**ACTIVITY:**
Print all of the data exactly, but drop the pictures.

------------------------------------------------------------------------

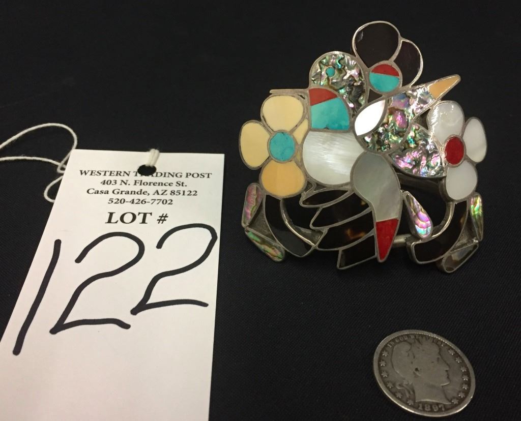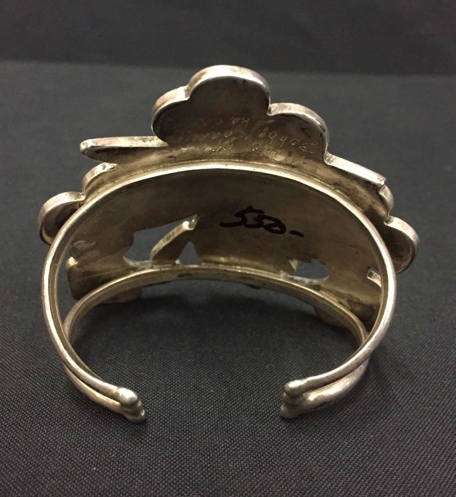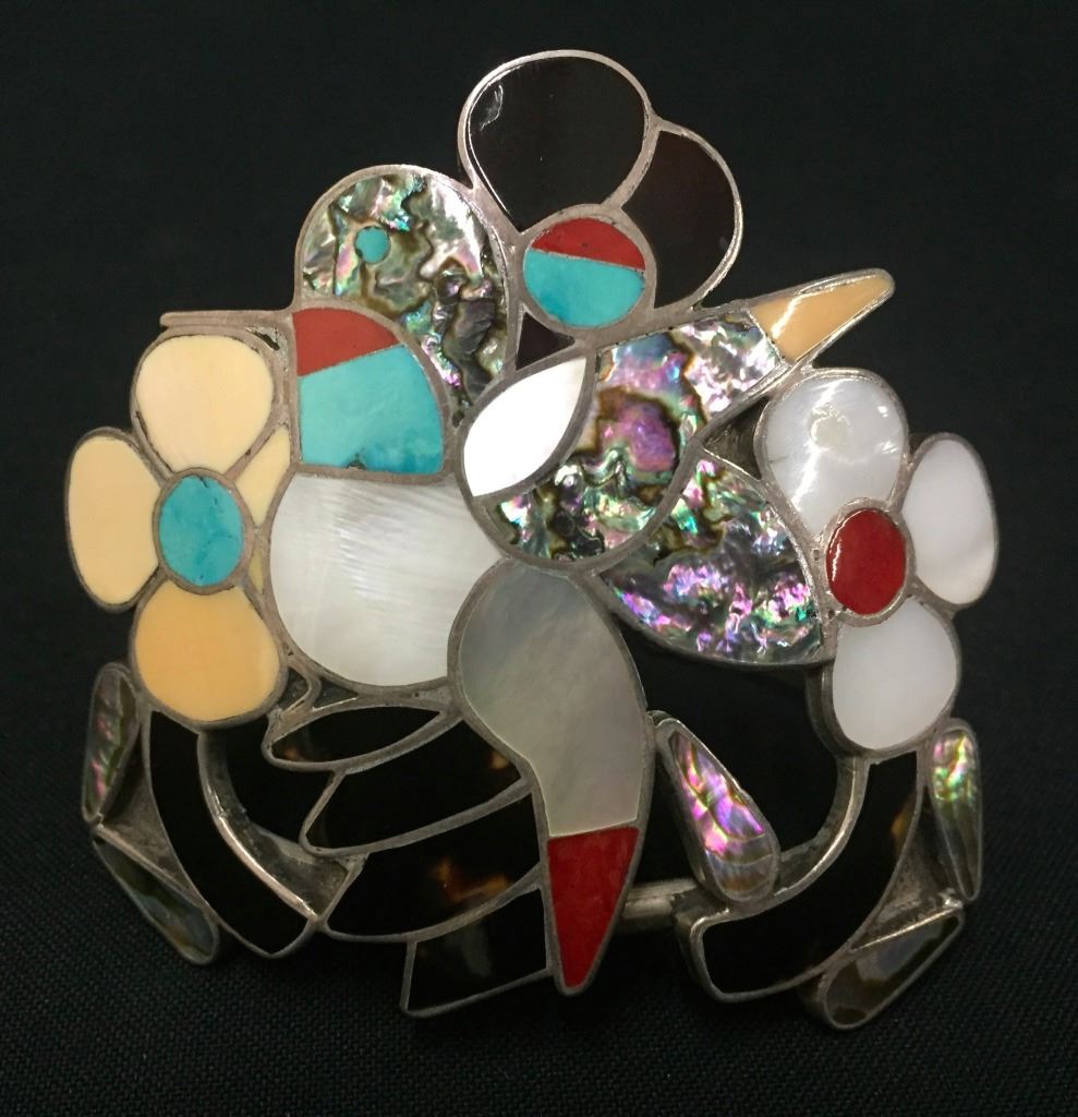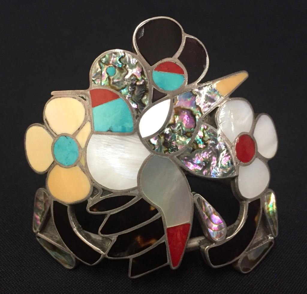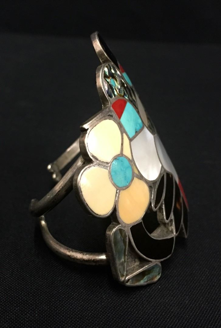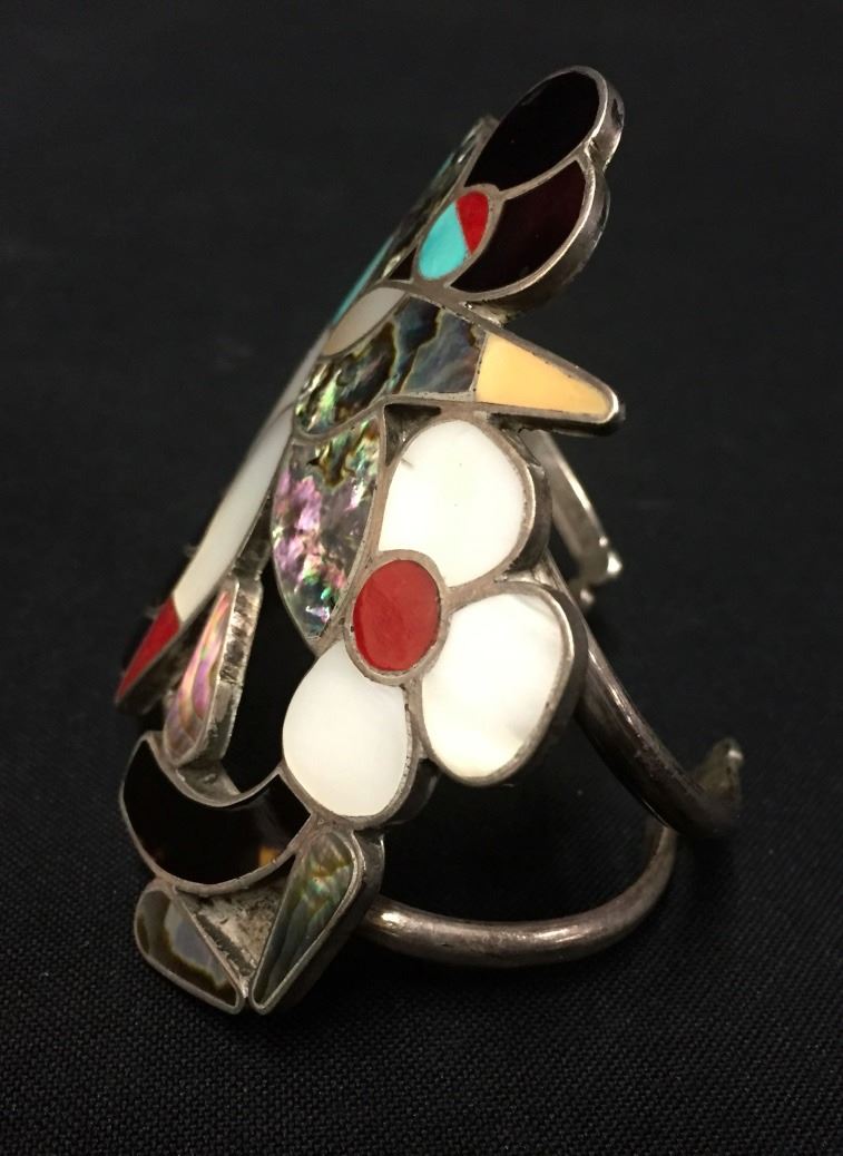 Maker: Bobby & Corraine Shack, Zuni. Approx. Age: Circa 1970s - 80s. Size: Measures 5.25” inside plus there is a 1” opening. It is 2.75” wide across the face and weighs 56g. Condition: Good. Additional Info: Fine inlay set in sterling silver by known Zuni artisans. Please look closely at the pictures - they are an important part of our description. Shipping: There will be a $5 handling / packaging fee for shipping this lot. The actual cost of postage will be added on top of that.
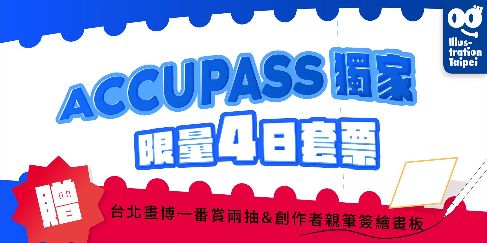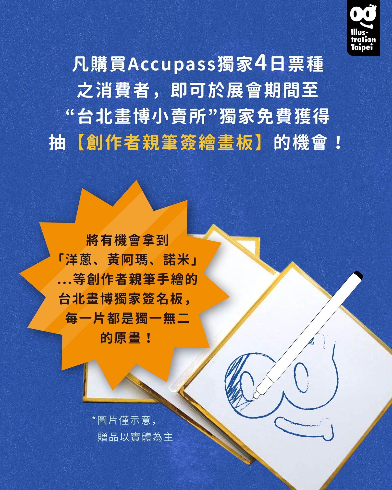 凡購買ACCUPASS獨家四⽇票種之消費者,即可於畫博期間⾄⼩賣所獨家免費獲得抽【創作者親筆簽繪畫板】的機會!將有機會拿到「洋蔥、黃阿瑪、諾米、於是⽇常了、地呱球等」諸多創作者親筆⼿繪的台北畫博獨家簽名板,每⼀片都是獨⼀無⼆的原畫!僅四⽇票種粉絲能夠抽籤!超⾼中獎機會!
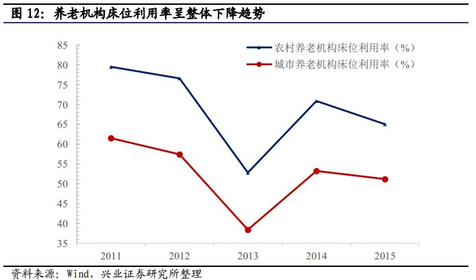 另一方面,全国养老机构的床位利用率并不乐观,养老资源出现一定程度的错配。从民政部数据看,农村和城市的养老机构的床位利用率从2011年后在波动后出现下降。农村养老机构的床位利用率从2011年的79.5%下降至2015年的65%,城市的床位利用率由2011年的61.5%下降至2015年的51.2%。
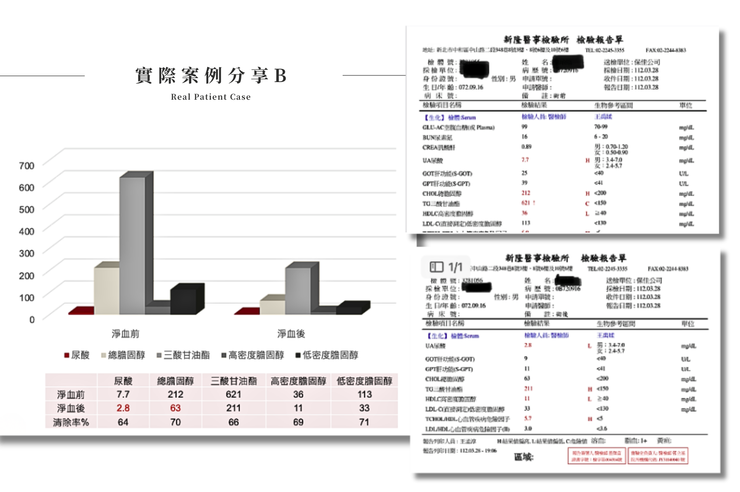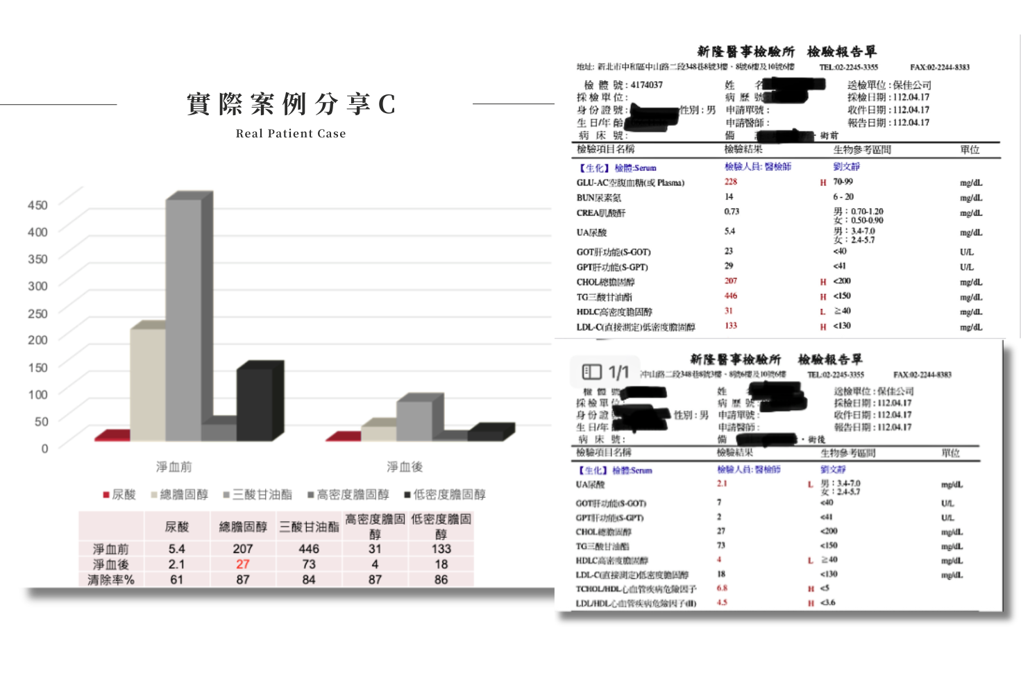 療程透過清除血液中一定比例的血漿,去除其中可能影響健康的物質,包括膽固醇、三酸甘油脂、發炎因子、過敏因子、自由基、尿酸與重金屬等,有助於改善血脂異常、過敏體質與血液循環相關問題,並降低慢性疾病風險。
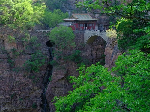 5、苍岩山:位于石家庄井陉县,最高峰海拔1039米。山体由石灰岩构成,形成于18亿年前。山间分布福庆寺、桥楼殿等建筑,桥楼殿建于北魏,横跨两座悬崖之间,下方为深涧。苍岩山现存古树名木200余株,包括树龄千年的侧柏。每年农历三月初三举办庙会。
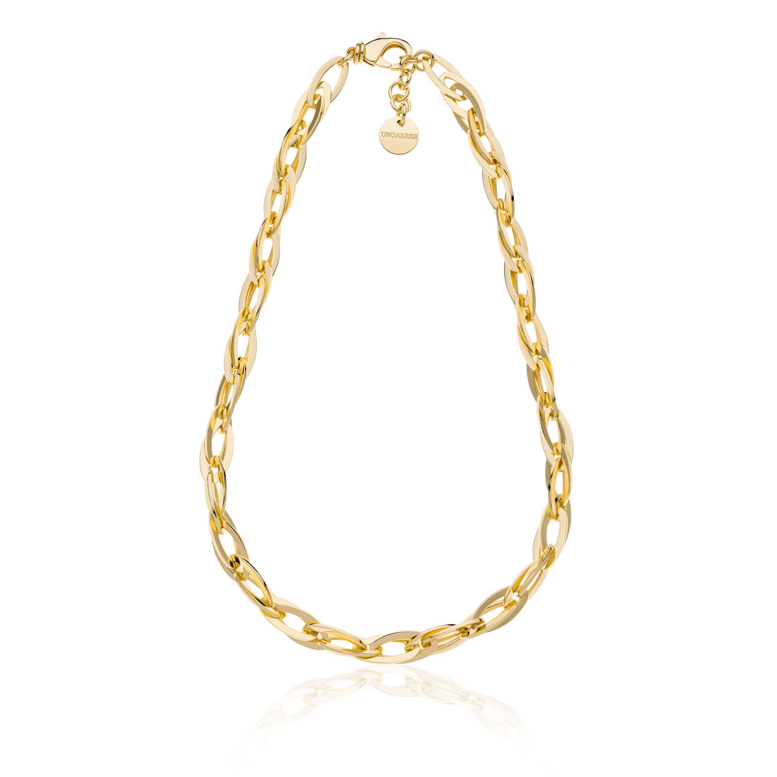 Collana catena a navette concatenata con bagno in oro giallo. Chiusura a moschettone e targhetta con logo. Misura 41,00 cm. Il grande classico della catena forzatina rivisitata in questa audace declinazione a navette concatenata per un susseguirsi unico di stile.
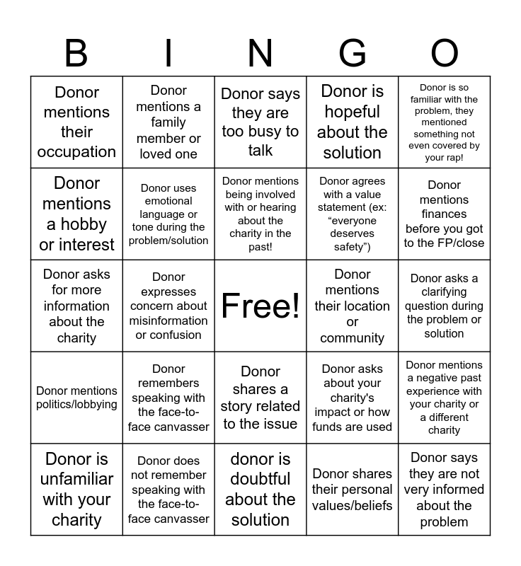 This bingo card has a free space and 24 words: Donor remembers speaking with the face-to-face canvasser, Donor does not remember speaking with the face-to-face canvasser, Donor mentions being involved with or hearing about the charity in the past!, Donor is unfamiliar with your charity, Donor is so familiar with the problem, they mentioned something not even covered by your rap!, Donor mentions their occupation, Donor mentions a hobby or interest, Donor mentions a family member or loved one, Donor mentions their location or community, Donor shares a story related to the issue, Donor agrees with a value statement (ex: “everyone deserves safety”), Donor asks for more information about the charity, Donor asks about your charity's impact or how funds are used, Donor mentions a negative past experience with your charity or a different charity, Donor uses emotional language or tone during the problem/solution, Donor shares their personal values/beliefs, Donor asks a clarifying question during the problem or solution, Donor says they are too busy to talk, Donor mentions finances before you got to the FP/close, Donor expresses concern about misinformation or confusion, Donor says they are not very informed about the problem, Donor mentions politics/lobbying, Donor is hopeful about the solution and donor is doubtful about the solution.
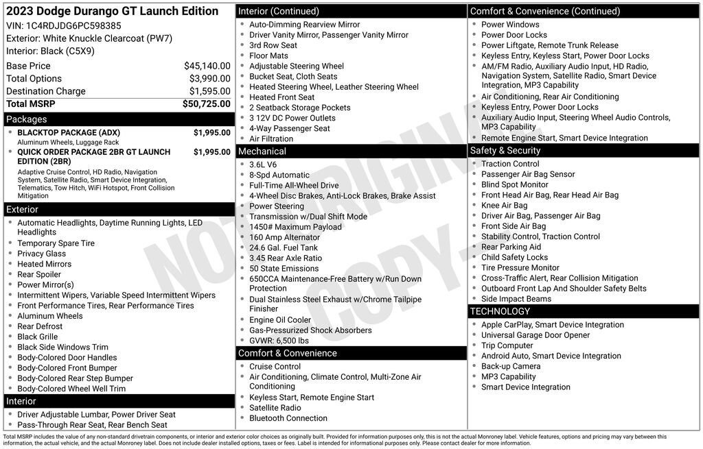 2023 Dodge Durango GT White Knuckle Clearcoat 3.6L V6 24V VVT 8-Speed Automatic AWD
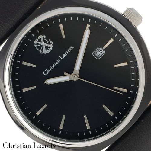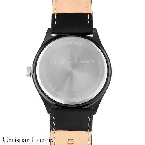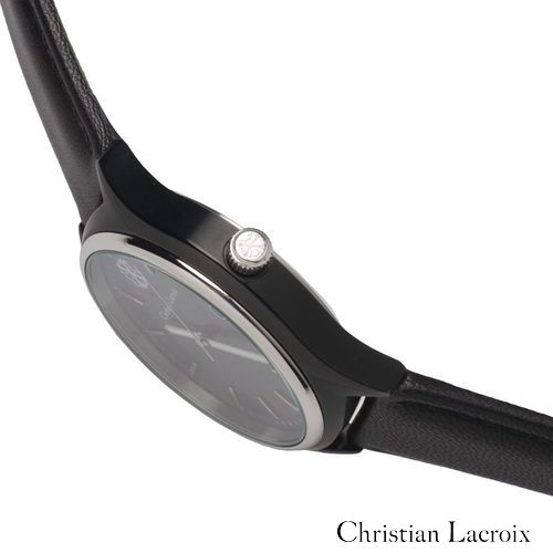 Composée d'un bracelet en cuir véritable noir souple et d'un boîtier noir en acier inoxydable, la montre dateur "More" de Christian Lacroix est moderne et masculine. Les détails chromés brillants confèrent à ce garde- temps un aspect luxueux. Mécanisme Myota - Résistance à l'eau : 5 ATM. Poids : 60 g - Dimension : Diamètre 42 mm / Bracelet : 260 mm. Livrée dans son élégant coffret noir Christian Lacroix.
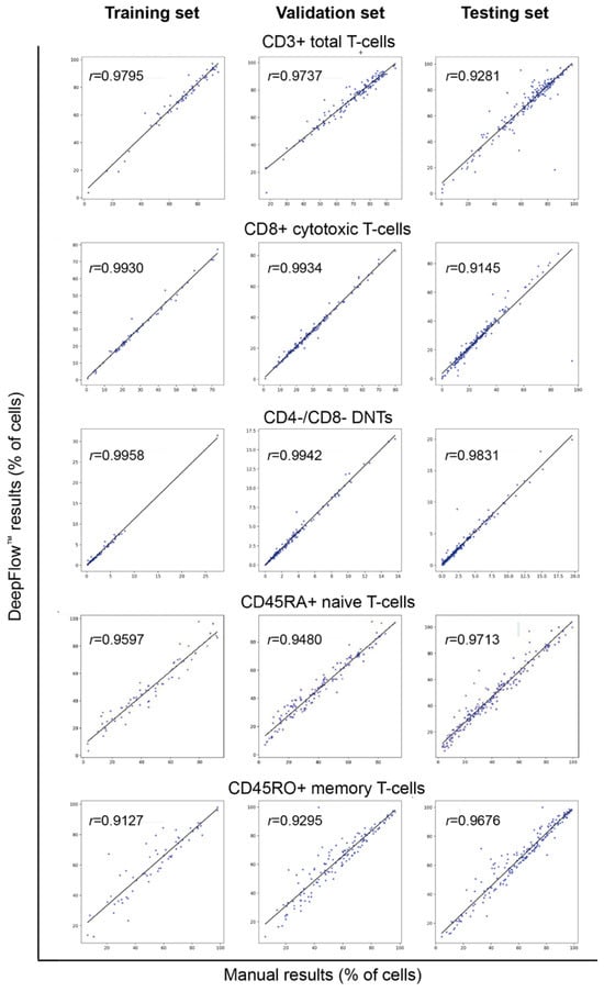 Comparison of correlation coefficients of essential T-cell subsets between manual analysis using KaluzaTM and AI analysis by DeepFlowTM reveals correlation coefficients greater than 0.9 for all three sets.Each dot represents one case.
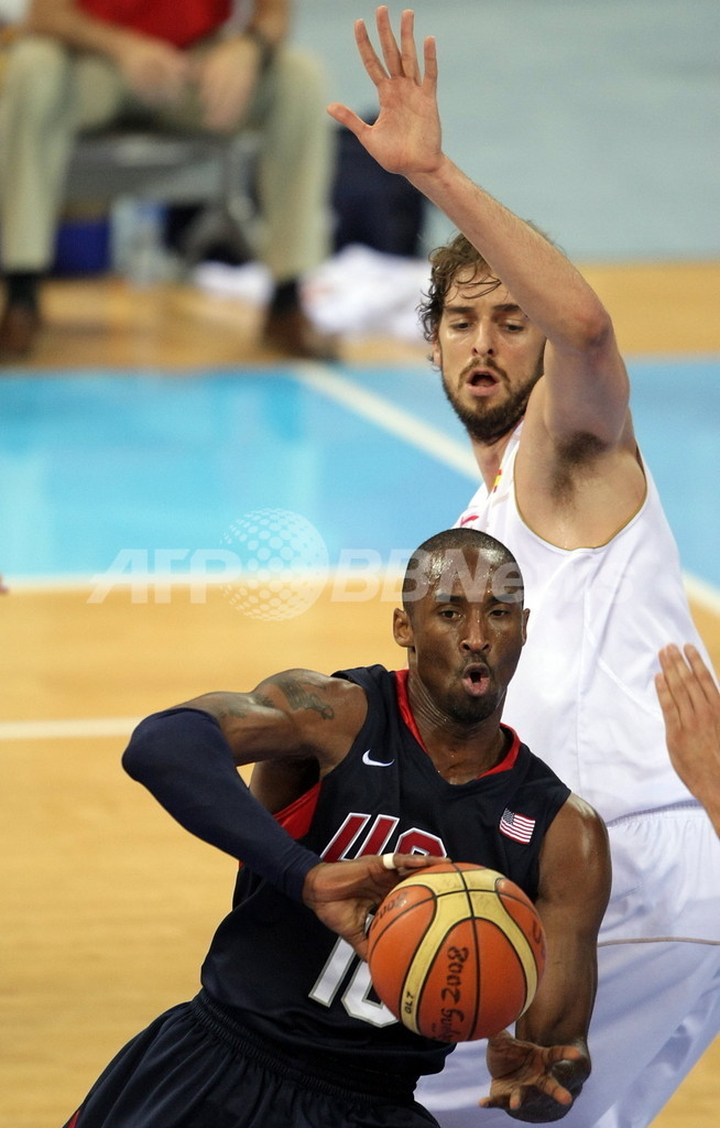 五輪 男子米国 スペイン破り金メダル獲得 2008年8月24日 19:36 発信地:北京/中国 [ 中国・台湾 中国 ] このニュースをシェア ‹ › ❮ 17/23 ❯ 男子バスケットボール決勝で、スペインのパウ・ガソル(%%Pau Gasol%%、右)のディフェンスを前にパスを出す米国のコービー・ブライアント(%%Kobe Bryant%%)。(2008年8月24日撮影)(c)AFP/ANTONIO SCORZA 画像作成中 ! 【8月24日 AFP】(写真追加)北京五輪第17日、男子バスケットボール決勝、スペイン対米国。試合は米国が118-107でスペインを破り、金メダルを獲得した。(c)AFP 五輪 一覧へ> メディア・報道関係・法人の方向け 写真・動画 購入のお問合せ>

------------------------------------------------------------------------

**ANSWER TO THIS EXERCISE:**
 Maker: Bobby & Corraine Shack, Zuni. Approx. Age: Circa 1970s - 80s. Size: Measures 5.25” inside plus there is a 1” opening. It is 2.75” wide across the face and weighs 56g. Condition: Good. Additional Info: Fine inlay set in sterling silver by known Zuni artisans. Please look closely at the pictures - they are an important part of our description. Shipping: There will be a $5 handling / packaging fee for shipping this lot. The actual cost of postage will be added on top of that.
 凡購買ACCUPASS獨家四⽇票種之消費者,即可於畫博期間⾄⼩賣所獨家免費獲得抽【創作者親筆簽繪畫板】的機會!將有機會拿到「洋蔥、黃阿瑪、諾米、於是⽇常了、地呱球等」諸多創作者親筆⼿繪的台北畫博獨家簽名板,每⼀片都是獨⼀無⼆的原畫!僅四⽇票種粉絲能夠抽籤!超⾼中獎機會!
 另一方面,全国养老机构的床位利用率并不乐观,养老资源出现一定程度的错配。从民政部数据看,农村和城市的养老机构的床位利用率从2011年后在波动后出现下降。农村养老机构的床位利用率从2011年的79.5%下降至2015年的65%,城市的床位利用率由2011年的61.5%下降至2015年的51.2%。
 療程透過清除血液中一定比例的血漿,去除其中可能影響健康的物質,包括膽固醇、三酸甘油脂、發炎因子、過敏因子、自由基、尿酸與重金屬等,有助於改善血脂異常、過敏體質與血液循環相關問題,並降低慢性疾病風險。
 5、苍岩山:位于石家庄井陉县,最高峰海拔1039米。山体由石灰岩构成,形成于18亿年前。山间分布福庆寺、桥楼殿等建筑,桥楼殿建于北魏,横跨两座悬崖之间,下方为深涧。苍岩山现存古树名木200余株,包括树龄千年的侧柏。每年农历三月初三举办庙会。
 Collana catena a navette concatenata con bagno in oro giallo. Chiusura a moschettone e targhetta con logo. Misura 41,00 cm. Il grande classico della catena forzatina rivisitata in questa audace declinazione a navette concatenata per un susseguirsi unico di stile.
 This bingo card has a free space and 24 words: Donor remembers speaking with the face-to-face canvasser, Donor does not remember speaking with the face-to-face canvasser, Donor mentions being involved with or hearing about the charity in the past!, Donor is unfamiliar with your charity, Donor is so familiar with the problem, they mentioned something not even covered by your rap!, Donor mentions their occupation, Donor mentions a hobby or interest, Donor mentions a family member or loved one, Donor mentions their location or community, Donor shares a story related to the issue, Donor agrees with a value statement (ex: “everyone deserves safety”), Donor asks for more information about the charity, Donor asks about your charity's impact or how funds are used, Donor mentions a negative past experience with your charity or a different charity, Donor uses emotional language or tone during the problem/solution, Donor shares their personal values/beliefs, Donor asks a clarifying question during the problem or solution, Donor says they are too busy to talk, Donor mentions finances before you got to the FP/close, Donor expresses concern about misinformation or confusion, Donor says they are not very informed about the problem, Donor mentions politics/lobbying, Donor is hopeful about the solution and donor is doubtful about the solution.
 2023 Dodge Durango GT White Knuckle Clearcoat 3.6L V6 24V VVT 8-Speed Automatic AWD
 Composée d'un bracelet en cuir véritable noir souple et d'un boîtier noir en acier inoxydable, la montre dateur "More" de Christian Lacroix est moderne et masculine. Les détails chromés brillants confèrent à ce garde- temps un aspect luxueux. Mécanisme Myota - Résistance à l'eau : 5 ATM. Poids : 60 g - Dimension : Diamètre 42 mm / Bracelet : 260 mm. Livrée dans son élégant coffret noir Christian Lacroix.
 Comparison of correlation coefficients of essential T-cell subsets between manual analysis using KaluzaTM and AI analysis by DeepFlowTM reveals correlation coefficients greater than 0.9 for all three sets.Each dot represents one case.
 五輪 男子米国 スペイン破り金メダル獲得 2008年8月24日 19:36 発信地:北京/中国 [ 中国・台湾 中国 ] このニュースをシェア ‹ › ❮ 17/23 ❯ 男子バスケットボール決勝で、スペインのパウ・ガソル(%%Pau Gasol%%、右)のディフェンスを前にパスを出す米国のコービー・ブライアント(%%Kobe Bryant%%)。(2008年8月24日撮影)(c)AFP/ANTONIO SCORZA 画像作成中 ! 【8月24日 AFP】(写真追加)北京五輪第17日、男子バスケットボール決勝、スペイン対米国。試合は米国が118-107でスペインを破り、金メダルを獲得した。(c)AFP 五輪 一覧へ> メディア・報道関係・法人の方向け 写真・動画 購入のお問合せ>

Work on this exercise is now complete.